▶ _WHAT THE TASK ASKS_
Starting at the first line of the material below, retype each line exactly until you reach the line with "carpeta 'animaciones' y", which is also included; pictures stay out.

-- SOURCE DATA follows --

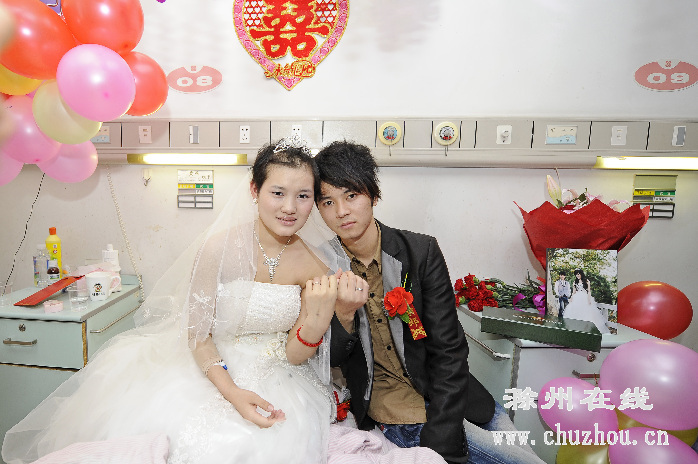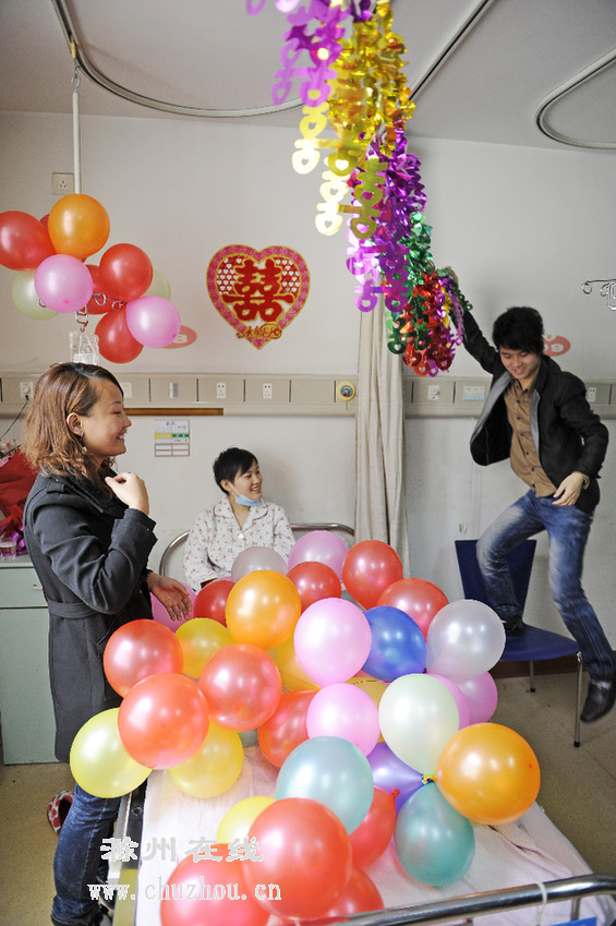 贴喜字,挂彩条,吹气球,昨天上午11时许,记者在病房前看到,新郎李亚峰和亲友们正在忙着布置婚礼现场。穿着一套白色婚纱的黄燕则躺在床上,一边打着吊水,一边看着大家忙碌,脸上不由得露出了幸福的笑容。半个小时后,喜字贴上了病床的墙头,房间里也挂上了彩带和气球,虽然有些简单,但在黄燕看来,这却是世界上最美好的婚礼,而她则是世界上最美丽的新娘,“虽然有疾病缠身,但我的男友和家人对我不离不弃,我觉得我是幸福的。”
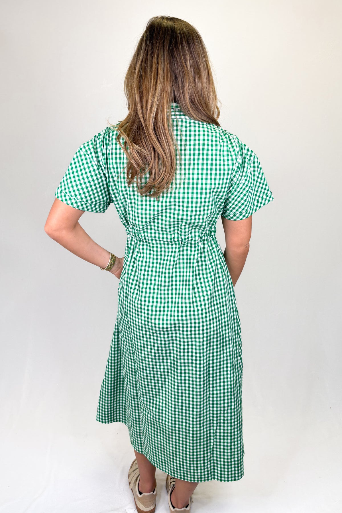 Green gingham midi dress with short sleeves, tie waist, and pockets | Walker Boutique
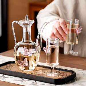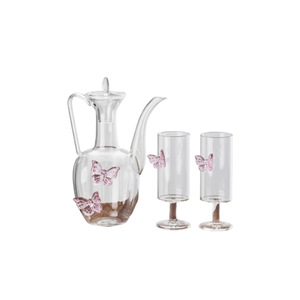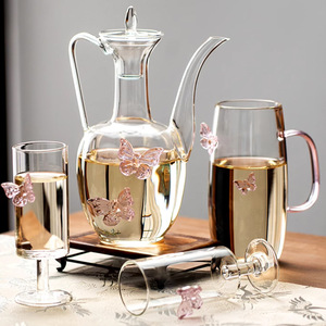 法式复古浮雕蝴蝶玻璃杯高硼硅玻璃壶煮茶壶家用泡茶高脚杯套组
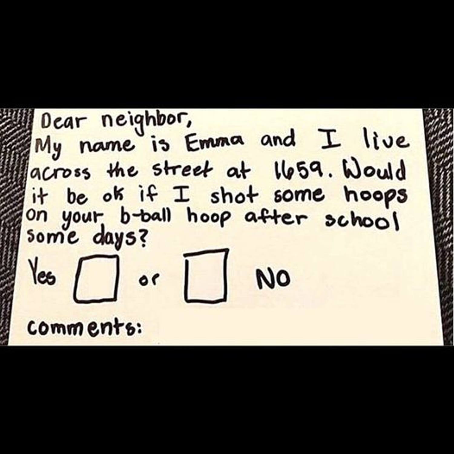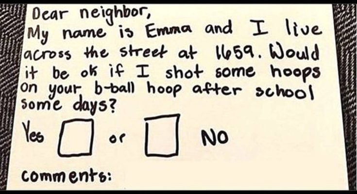 The young child wanted to utilize the basketball hoop that her neighbors had in their driveway after noticing it. In a message, she requested to play hoops after school and requested that they reply, returning the note to her mailbox.
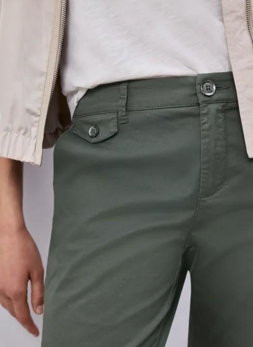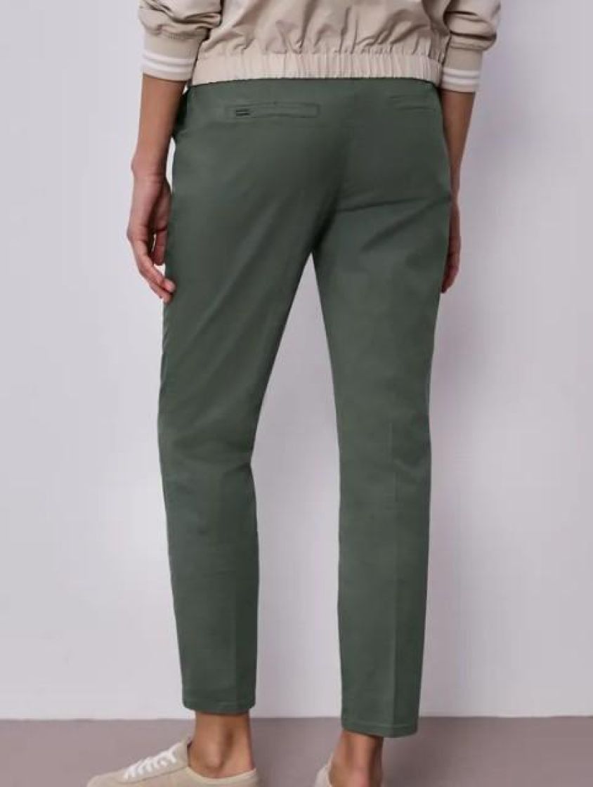 Street One klassiset chino housut mukavan pehmeää ja ohutta puuvillaa. Takana mukavuutta antaa kuminauhavyötärö, ja edessä nappi vetoketjukiinnitys. Sivussa taskut ja takana valetaskut. Malli on kapea ja vyötärönkorkeus normaali. Tarkistathan mitat.
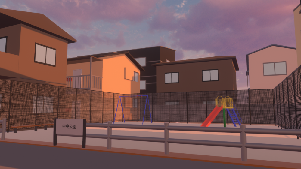 夕方の学校の教室からスタートです。どうやらこの辺りで不審者情報があったようです。学校から帰るときは寄り道せず、まっすぐお家へ帰りましょう。あなたは小学生なので身長は小さめのアバターで遊ぶことをお勧めします。
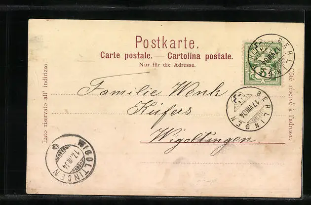 alte Ansichtskarte, gelaufen 1904, Bugspur mittig, Eckknick re. unten, guter Zustand
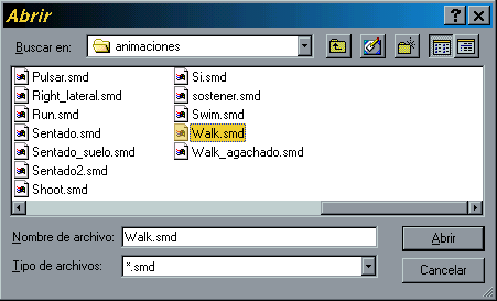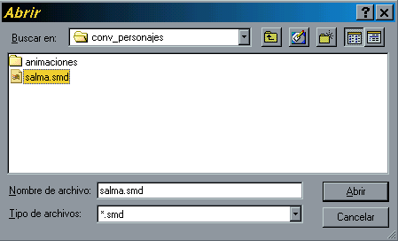 ... pero esta vez, al solicitarnos el fichero .smd, nos dirigimos a nuestra carpeta 'animaciones' y
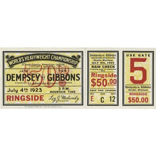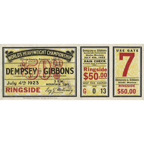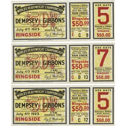 <B>1923 Dempsey vs. Gibbons Fight Full Tickets Lot of 3.</B></I> One of the greatest disasters in the history of fight promotion is recalled with this historic trio of full tickets, grim reminders of a fight that essentially bankrupted the small town of Shelby, Montana. Their existence in unused state exhibits the very problem that spurred the financial tragedy--rumors that the fight would not take place kept the vast majority of spectators from boarding trains to Shelby, and the fight saw only 7,000 tickets in the massive new arena sold and 13,000 spectators crashing the gates for free. Local banks that had fronted the money for the huge purses for the fighters went under, and the great Golden Age pugilist and eventual victor Jack Dempsey barely escaped the town with his life. All three tickets are for the expensive fifty dollar Ringside seats, and each presents in conservative EX-MT condition, with nothing more than minor edge wear to report. <BR><BR><B>Important notice:</B> Heritage usually auctions material at the rate of 200-250 lots per hour. On some occasions eBay Live bid software or the Internet may not be able to keep up with the pace of the auction. We recommend placing a realistic absentee bid now as insurance to avoid disappointment. Occasionally the auctioneer may eliminate or reject an eBay Live bid, and the auctioneer may also reopen a lot after the close of the eBay live bidding (usually because we missed an audience bid), and may reject your bid even if it shows you as the winning bidder. By bidding via eBay Live, you agree that Heritage may award the lot to another bidder at its sole discretion under the circumstances described above or any other reasonable circumstances. Since eBay bids are not shown to us until we open the lot on the floor, we treat those bids just like floor bids. In most cases the floor responds before the eBay bid is presented to us, due to Internet lag time, so for consistency we have made it a policy that floor bids are always considered first over tie eBay live bids. Also please note that all Heritage lots purchased through eBay Live carry a 22.5% Buyer's Premium. Please make sure you read the Terms and Conditions before you bid. This lot is being auctioned in conjunction with a live floor auction by Heritage Galleries & Auctioneers. All final auction and invoice information will be supplied by Heritage Galleries & Auctioneers, and all other information should be considered preliminary. Lot:19146 <BR><BR><B>Winning Notification and Billing:</B> After the FINAL session in this auction is complete, Heritage will send e-mail and snail mail invoices. This process normally takes several days. All final auction and invoice information will be supplied by Heritage Galleries & Auctioneers, and all other information should be considered preliminary. <BR><BR>This auction will be conducted on a live auction floor and over the Internet through eBay Live. If you choose to place an absentee bid, please take a moment to <font color='#0000ff'><u><a href='http://pages.ebay.com/liveauctions/help/before/laabsentee.html'>learn how eBay Live absentee bidding works</a></u></font><font color='#000000'>
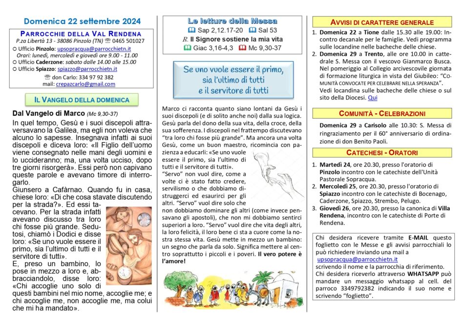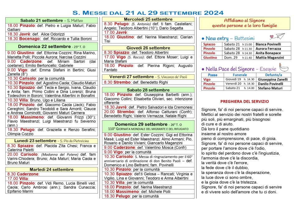Avvisi Parrocchiali – dal 22 settembre al 29 settembre
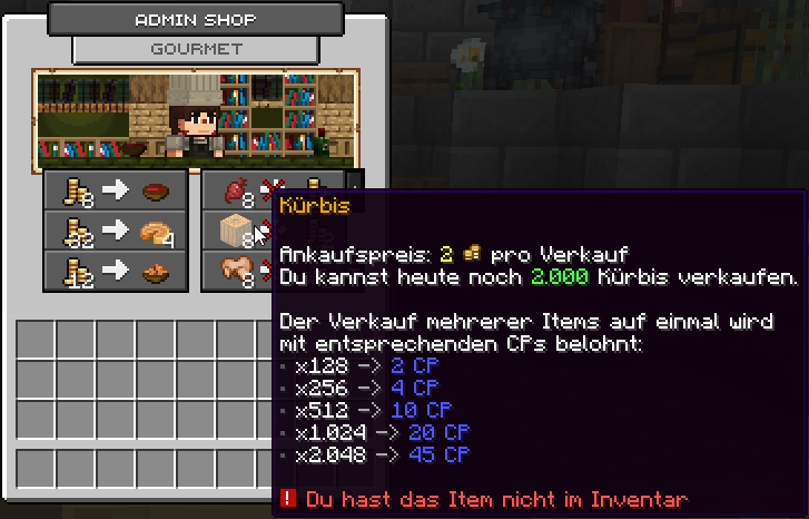 |       8x Kürbisse       | 2 ![](https://1077141654-files.gitbook.io/~/files/v0/b/gitbook-x-prod.appspot.com/o/spaces%2FrIGT88424BUrBgzefum5%2Fuploads%2FXzYIyWhfTJJsFzNGNQcV%2Fcoins.png?alt=media\&token=e9815d14-6daa-4d9b-9327-8603f3a994a9) |                 36                |
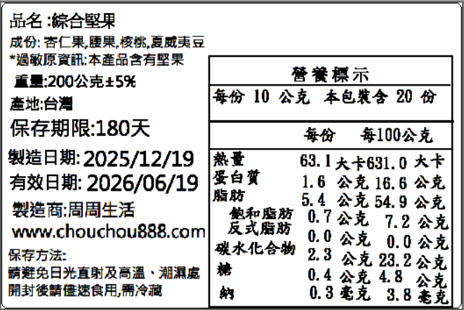 《周周生活》綜合堅果 200g/包 | 福報購蔬食購物商城
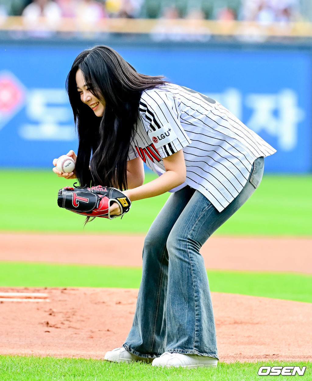 경기에 앞서 가수 비비가 시구를 하고 있다. 2025.09.13 /jpnews@osen.co.kr

-- SOURCE DATA concluded --

▶ _YOUR RESPONSE_
 贴喜字,挂彩条,吹气球,昨天上午11时许,记者在病房前看到,新郎李亚峰和亲友们正在忙着布置婚礼现场。穿着一套白色婚纱的黄燕则躺在床上,一边打着吊水,一边看着大家忙碌,脸上不由得露出了幸福的笑容。半个小时后,喜字贴上了病床的墙头,房间里也挂上了彩带和气球,虽然有些简单,但在黄燕看来,这却是世界上最美好的婚礼,而她则是世界上最美丽的新娘,“虽然有疾病缠身,但我的男友和家人对我不离不弃,我觉得我是幸福的。”
 Green gingham midi dress with short sleeves, tie waist, and pockets | Walker Boutique
 法式复古浮雕蝴蝶玻璃杯高硼硅玻璃壶煮茶壶家用泡茶高脚杯套组
 The young child wanted to utilize the basketball hoop that her neighbors had in their driveway after noticing it. In a message, she requested to play hoops after school and requested that they reply, returning the note to her mailbox.
 Street One klassiset chino housut mukavan pehmeää ja ohutta puuvillaa. Takana mukavuutta antaa kuminauhavyötärö, ja edessä nappi vetoketjukiinnitys. Sivussa taskut ja takana valetaskut. Malli on kapea ja vyötärönkorkeus normaali. Tarkistathan mitat.
 夕方の学校の教室からスタートです。どうやらこの辺りで不審者情報があったようです。学校から帰るときは寄り道せず、まっすぐお家へ帰りましょう。あなたは小学生なので身長は小さめのアバターで遊ぶことをお勧めします。
 alte Ansichtskarte, gelaufen 1904, Bugspur mittig, Eckknick re. unten, guter Zustand
 ... pero esta vez, al solicitarnos el fichero .smd, nos dirigimos a nuestra carpeta 'animaciones' y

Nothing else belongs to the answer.